【マレーシア視察報告(その8)商工会議所クン委員長】
【マレーシア視察報告(その8)商工会議所クン委員長】
2013年4月財務省の「GST(消費税)導入のためのタスクフォース」のメンバーを務め、2018年5月には「GST廃止のためのタスクフォース」のメンバーも務めた。
SST(売上・サービス税)では納税者が納税額を把握できなかった。これに対してGSTは税の明細が表示される。納税意識が高まり、現在はSSTに戻っても税金をいくら払っているかを気にするようになった。
今年度のSSTの税収は220億リンギ(5600億円)にすぎない。

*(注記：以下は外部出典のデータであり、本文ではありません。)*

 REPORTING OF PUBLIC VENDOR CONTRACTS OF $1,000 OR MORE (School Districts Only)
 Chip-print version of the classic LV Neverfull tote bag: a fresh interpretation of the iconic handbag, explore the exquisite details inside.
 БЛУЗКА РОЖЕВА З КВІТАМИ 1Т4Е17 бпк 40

政府はGSTとの差額分220億リンギ(5600億円)を国民に還元したと主張しているが、日用品の価格が下がっていないため、国民は評価していない。
マレーシア企業の98.5%が中小企業であり、約100万社ある。GSTは多段階課税方式のため、会計システムのIT化が不可欠で、多額のIT投資が必要となった。多くの中小企業は5000~7000リンギ(13~18万円)のIT投資を行った。
多額のIT投資が3年後に必要なくなったという不満がある。GSTのみに対応した会計システムのため、SST対応のソフト改修を余儀なくされ、更なる投資を求められている。

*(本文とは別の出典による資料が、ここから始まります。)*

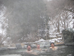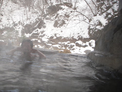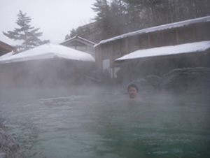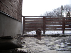 柔らかなお湯はほのかな硫黄臭、雪の景観の中ホッコリといい気持ち

先週行われた財務省の2020年度予算案に関する会合では、多くの経営者がGSTの方が良かったと不満を述べていた。GSTの方が透明性があり、価格上昇を避けることができ、税の還付手続きがあることが主な理由。
財務省では、SSTを再びGST相当の制度に戻すことを検討中で、本年11月に新たなタスクフォース(「調和タスク」と命名。SSTという名称は変えず、GSTに近似する制度の創設をめざす。)が設立される予定。我々はカナダの経験から学ぼうとしている。
「調和タスク」が実現すれば、SSTとGSTとの税収のギャップは少なくなると見込まれる。
政府はGST廃止に伴う税収の減少は、汚職の撲滅と政府の透明化・効率化によって賄えると考えているようだ。